With a sense of utter dread, he went over to the table and looked down at that horrible fucking book. Ad had opened it in the middle, and as Jim forced his eyes to focus … he tried to find Latin in what was written. Tried desperately to see something he recognized.
Except God only knew what the wording was. It seemed like some combination of symbols and the Russian alphabet.
But it was not … Latin.
“Let me tell you what the endgame looks like,” Ad said grimly. “Sissy’s infection gets worse … and that’s how Devina infects
you
. It’s going to be through Sissy that this fucks you up.”
The logic of it all started to scare him. “But I’m not one of the souls. And Sissy can’t be. She’s already dead.”
“I didn’t see an exemption in the rules for that, did you?”
Well, no. He hadn’t. But …
“Okay, fine,” Ad said, gesturing with his hands. “Say neither one of you can be a soul in the war. You’re still supposed to be fifty percent evil, right—that’s why Devina agreed to your being the savior. The more angry, the more infected, you are? The better it is for her. And I should know, because I got the cancer, too.” The other angel pointed to his own chest. “It’s in me … too. Eddie was the only one out of the three of us who was pure, because he’d never been with Devina, even after she went for him. That’s why she was so afraid of the guy. That’s why she took him out.”

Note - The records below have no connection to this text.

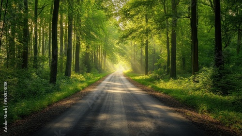 © Nas, Fototapeta premium Sunlit Path Through Lush Forest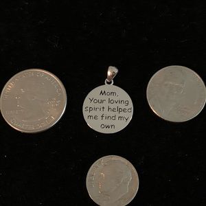 Sterling Silver 925 Pendant. Quote: “MoM” (“Mom Your loving spirit helped me find my own”.) 20” Silver Chain.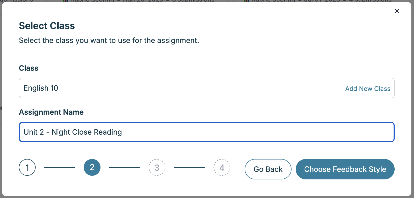 Select a class or add a new class, and give your assignment a name. Then click Choose Feedback Style.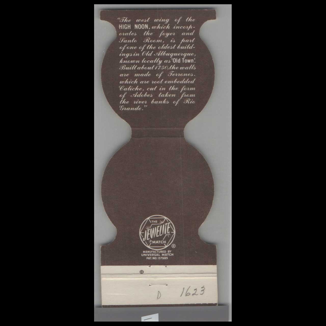 High Noon Restaurant in Old Town Albuquerque, NM, offered authentic Southwestern dining in a historic setting. This die-cut matchbook is a nostalgic piece of Americana for collectors.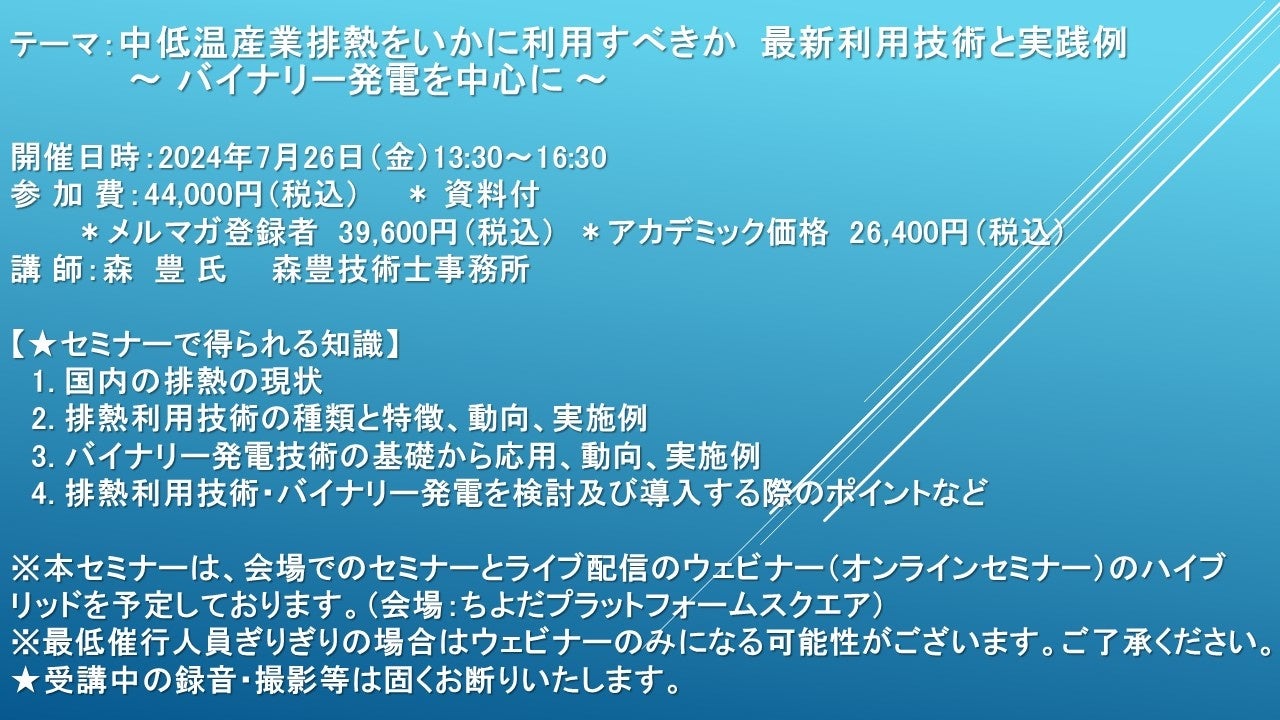 【会場/ライブ配信ハイブリッドセミナー】中低温産業排熱をいかに利用すべきか 最新利用技術と実践例 ~ バイナリー発電を中心に ~ 7月26日(金)開催 主催:(株)シーエムシー・リサーチ

“I’m not gonna lose Sissy to that bitch again,” Jim said numbly.
“I know, and I can’t decide whether that works in our favor—or against us. And speaking of the devil, Devina came by just now.” Ad said the second half carefully, like the guy knew Jim was two inches from a very steep cliff. “She told me you were looking for her.”
Jim ran through the math again, step by step. And he hated the conclusion he came to. There was nothing in the rules that stated someone like Sissy couldn’t be the soul … and Ad did have a point. The internal logic to the war was undeniable, but only the kind of thing he could recognize in hindsight.
Shit, he thought. He hoped Ad was wrong, he really did.
“Stay here.” He put out his cig. “And watch Sissy for me, okay. I’ll be back.”
“Don’t do anything stupid.”
“You just worry about her. I’ll take care of everything else.”
As he strode out of the kitchen, he could hear Ad cursing, but he wasn’t going to worry about that crap. He needed to take care of business—and that meant taking a little trip upstairs.
And not to the second floor of this house.
When Jim arrived up in Heaven, he found the place was still lush as Central Park in the summer, the ground green, the sky blue, the castle walls the color of coffee with three creams in it. But the fact that there were only two flags flying up on the parapet was a painful sight.
Jim thought back to the first time he’d woken up with his back flat on the perma-lawn, the sizzle of the electrical shock that had toasted him still coasting through every nerve ending in his body. At least now, he’d made the trip here enough times so that he landed on his feet.
Before he went off looking for the archangels, he turned to the Manse of Souls … and imagined his mother in there. Safe. No longer in pain. Nothing to weigh her down or worry her. He hadn’t seen her since the day she’d died, and, man, he sure could have used a ten-minute TO in there with her. Even if neither one of them said a thing, it would be good to see her one last time in the event he lost this fucking war—
“I’m sorry. I cannot allow you passage therein.”
He pivoted toward Nigel. The guy was like a painting properly restored, nothing dusty or too pale about him now, his limbs apparently having healed up fast and without lingering issues—at least going by the easy way the guy walked over the cropped grass. He was wearing one of his natty 1920s-style suits, the cream of the fine linen glowing like a night-light in the strange, ambient illumination of the place.